SF小説・未来の出来事8 試し読み

 流太郎と康美は、それぞれが手にしたヘッドフォンのようなものを耳に当てた。ヨハンシュタインは二人に、
「それで、よろしい。目を閉じて。」
と指示する。目を閉じた二人は同じものを見ていた。青い海を、である。白い砂浜、というのは形容詞的なもので、砂は白色のものはなく薄茶色が正確な表現だ。その薄茶色の砂が続く砂浜に、流太郎と康美はいる。自分達の姿を見ると水着になっていた。流太郎は紺色の海水パンツだけ、康美は赤色のビキニだけだ。流太郎は康美のビキニ姿を見るのは初めてだ。そもそも、そういう季節や場所に一緒にいた事がない。

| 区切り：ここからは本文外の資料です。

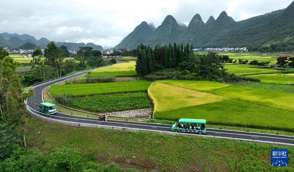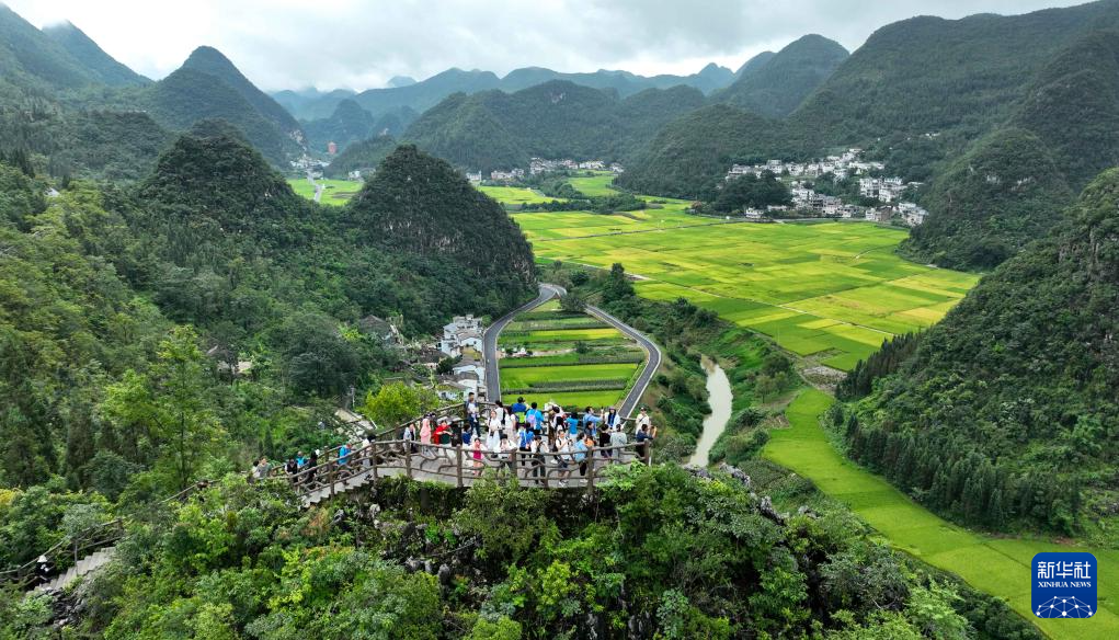 初秋时节,贵州省黔西南布依族苗族自治州兴义市的民居、峡谷、湖泊、奇峰、田园等相映成景,呈现一幅美丽的秋日画卷,吸引各地游客前来休闲、游览。

 康美のビキニは極薄で胸の部分は彼女の乳首がハッキリと、浮き出ていた。豊満な康美の乳房はビキニが取れてしまいそうな位な曲線を描いている。二人は砂浜に並んで座っていた。康美の左側に流太郎は座っているので、彼女の左側面からビキニ姿を眺める事になる。日焼けのしていない康美の白い肌は、このまま、ここにいれば少しは灼けるだろう。流太郎が康美の白い肩に右手を回そうとした、その時!目の前の海の水が飛沫を上げ、クジラのような潜水艦らしきものが海面に浮上してきた。その潜水艦の上部が開くと、中から若い女性が体にピッタリとくっついている制服姿で現れ、胸のふくらみを揺らせつつ、
「ようこそ、お二人さん!海底の国、竜宮王国へ御案内します。ここまで、泳いでくるのです。」
と誘った。
 当然の事ながら流太郎と康美は、ためらう。いきなり現れた潜水艦と謎の若い美女、その女性の髪は短く、男性一般の髪の長さだというのも特徴の一つで、しかも赤と黄色に染めている。立ち上がらない二人を見て、その女性は、腰のポケットからピストルのような物を取り出した。それを二人に向けて、
「来ないと撃つわよ!来ても撃つわ。楽に来れるようにね。」
と宣告し、ピストルの引き金を引く。
立ち上がった流太郎と康美に、その謎の美女から放たれたピストルの中身は赤いレーザー光線のようなもので、その怪光線は二人をグルグル巻きにすると一秒よりも短い時間で、二人の体を潜水艦上までワープするかのように移動させた。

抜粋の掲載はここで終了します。